I saw a little boy running on a playground.

I saw a future.

Slowly, I edged forward. Tears blurred my eyes as I looked down on my son. Hand shaking, I reached out and caressed my thumb across the back of his tiny hand.

Those tiny fingers searched, tightly wrapping around my finger.

He stared up at me.

I was certain that connection was greater than anything I’d ever felt.

My mouth trembled, overwhelmed with affection. With my free hand, I reached up and softly ran my knuckle down his plump cheek.

“My heart,” I whispered, and the little boy stared up at me as if he’d known me for a million years.

The little boy who would forever hold my heart.

And I murmured a million of those prayers into the air.

Believed.

And knew, right that second, with every part of me, I would never, ever give up on hope.

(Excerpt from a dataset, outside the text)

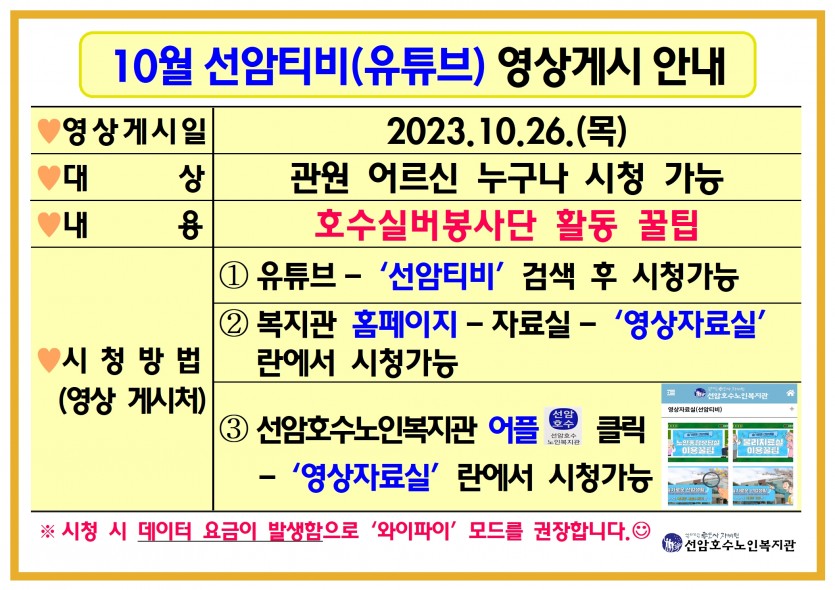 10월 선암티비(유튜브) 영상게시 안내 (시청 바랍니다^^)

Blinking out of the reverie, I ran my fingertips over my eyelids, clearing the tears. Refusing to allow myself to spiral into hopelessness.

I just needed to focus on the fact Evan was okay. Spend this time in gratefulness.

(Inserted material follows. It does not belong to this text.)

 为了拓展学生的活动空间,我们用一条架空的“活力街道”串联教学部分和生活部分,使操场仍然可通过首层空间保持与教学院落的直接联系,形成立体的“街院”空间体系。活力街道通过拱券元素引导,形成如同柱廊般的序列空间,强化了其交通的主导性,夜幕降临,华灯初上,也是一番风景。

Knees shaky, I opened the door.

Instantly, Evan was frantically signing my way, his eyes still dancing with his laughter. DR. BRYANT SAID HE WAS A NERD IN SCHOOL. DID YOU KNOW THAT? HE SAID NERDS ARE THE BEST. THEY GROW UP TO BE DOCTORS.

Nerds are the best.

The memory of him teasing me about being a nerd that first night hit me.

This man. He had completely demolished me in the best of ways.

A sound that was half a sob and half laughter tripped from my mouth. It originated somewhere in my spirit.

The sound made up of the remnants of terror I’d felt this afternoon.

The astounding relief when I’d found Evan was really okay.

The million emotions Kale had taken me through earlier at his loft. The need and the desire and the beauty.

The pure adoration I felt then.

It was all there.

Compounding.

Kale stood from the bed, and I sucked in a shattered breath.

“Come on, let’s get your little man home.”

I felt him in the doorway behind me.

His presence thick and potent and powerful. It surged into the room, a crashing wave, taking me whole.

It was late, close to one in the morning.

I’d been kneeling in the same spot on the floor beside Evan’s bed for the last three hours. Watching him sleep. Just . . . feeling the beat of his heart.

My amazing son, who’d fallen asleep on the way home from the hospital.

Kale had carried him in from the car and laid him in his bed. The way he’d done the night before.